Alkoholische Polyneuropathie

Alkoholische Polyneuropathie ist eine multiple Läsion peripherer Nerven beim Alkoholismus. Tritt normalerweise in späteren Stadien alkoholischer Erkrankungen auf. Es wird von Muskelschwäche, sensorischen Störungen und Ataxie begleitet. Übermäßiges Schwitzen ist möglich. Ödeme, Temperatur- und Farbveränderungen der distalen Extremitäten werden häufig beobachtet. In einigen Fällen treten psychische Störungen auf. Entwickelt sich allmählich, seltener akut. Mit der Behandlung bessern sich die Symptome über mehrere Monate oder Jahre. Vitamintherapie, Stoffwechseltherapie und Physiotherapie werden angeboten. Wenn Sie mit Alkohol aufhören, ist die Prognose recht günstig..

ICD-10

Allgemeine Information

Alkoholische Polyneuropathie ist eine Krankheit, die mit einer gleichzeitigen Schädigung einer großen Anzahl peripherer Nerven einhergeht. Laut Statistik wird bei 10-30% der Patienten mit Alkoholismus eine Polyneuropathie mit neurologischen Symptomen festgestellt.
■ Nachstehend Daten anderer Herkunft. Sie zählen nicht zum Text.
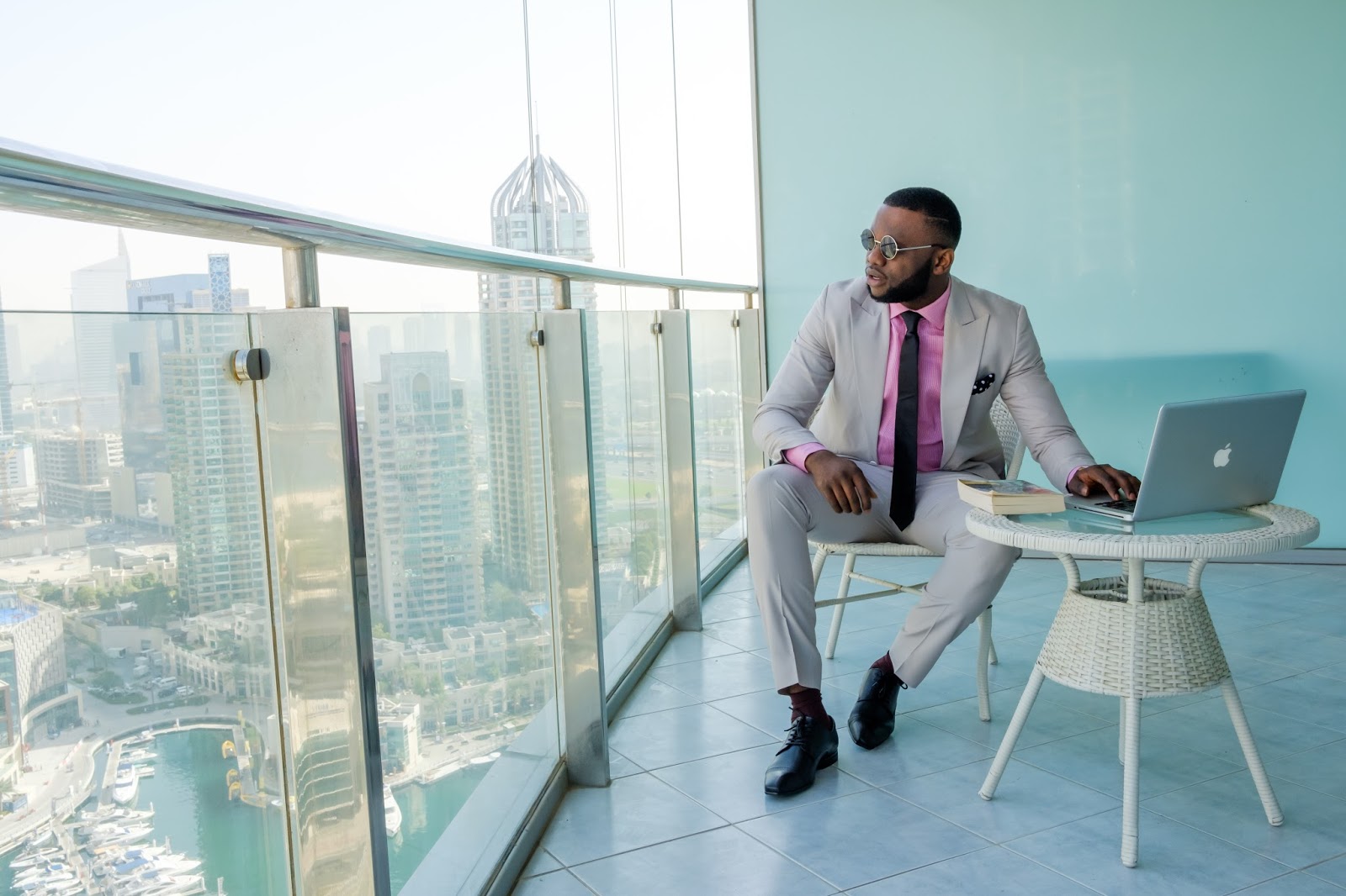 1.  Pink shirt, Black tie and a black-white Polka dot pocket-square
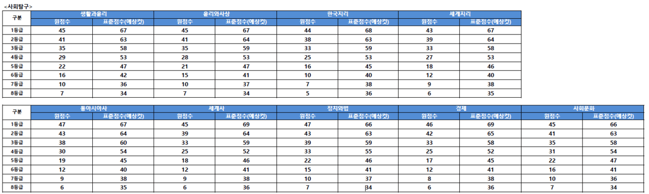 입시업체 진학사가 14일(금) 오전 9시 기준 2026학년도 수능 주요 영역의 원점수 및 표준점수 기준 예상 등급컷을 공개했다. 진학닷컴 가채점 성적 입력자의 표집 데이터를 토대로 산출한 것으로, 원점수는 예상 범위를 추정한 것으로, 표준점수는 예상 커트라인 기준이다.
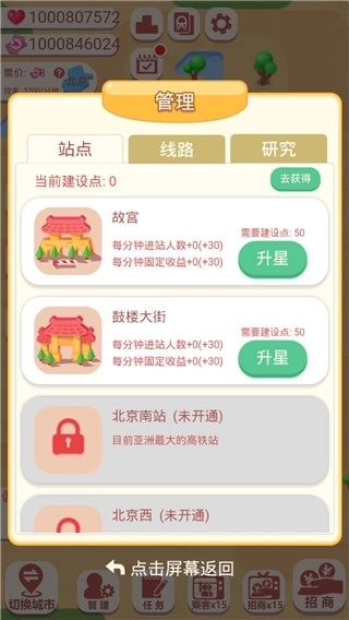 3、首先是一个起始站,你需要经过许多的站点,积累你的财富,开创众多的地铁线路

Bei der Durchführung einer komplexen elektromyographischen Studie werden bei den meisten chronischen Alkoholikern bestimmte Störungen festgestellt, die auf das Vorhandensein einer asymptomatischen Form der alkoholischen Polyneuropathie hinweisen..

Männer leiden häufiger an klinischen Formen der Polyneuropathie als Frauen. In den meisten Fällen liegt ein chronischer oder subakuter Verlauf vor. Manchmal entwickelt sich die Krankheit akut vor dem Hintergrund von starkem Trinken oder Unterkühlung. Die Dauer der Krankheit kann erheblich variieren und reicht von mehreren Monaten bis zu mehreren Jahren. Das Ergebnis hängt weitgehend von der rechtzeitigen Behandlung und der Vermeidung des Alkoholkonsums ab. Alkoholische Polyneuropathie wird häufig zur Ursache einer Behinderung, die bei zufriedenstellenden Behandlungsergebnissen später beseitigt werden kann. Die Behandlung dieser Krankheit wird von Neurologen in Zusammenarbeit mit Spezialisten auf dem Gebiet der Narkologie durchgeführt..

Entwicklungsgründe

Die Hauptursachen für die Entwicklung einer alkoholischen Polyneuropathie sind: die toxische Wirkung von Alkohol auf den Körper, ein Mangel an B-Vitaminen, Unterernährung, ein Anstieg des Blutzuckers und erbliche Eigenschaften des Stoffwechsels des Patienten. Pathologie tritt in der Regel bei Patienten mit der dritten, seltener - mit der zweiten Stufe des Alkoholismus auf. Die Wahrscheinlichkeit des Auftretens von Symptomen einer Polyneuropathie steigt mit der Einnahme von minderwertigem Alkohol, denaturiertem Alkohol und allen Arten von chemischen Flüssigkeiten, die Ethylalkohol enthalten.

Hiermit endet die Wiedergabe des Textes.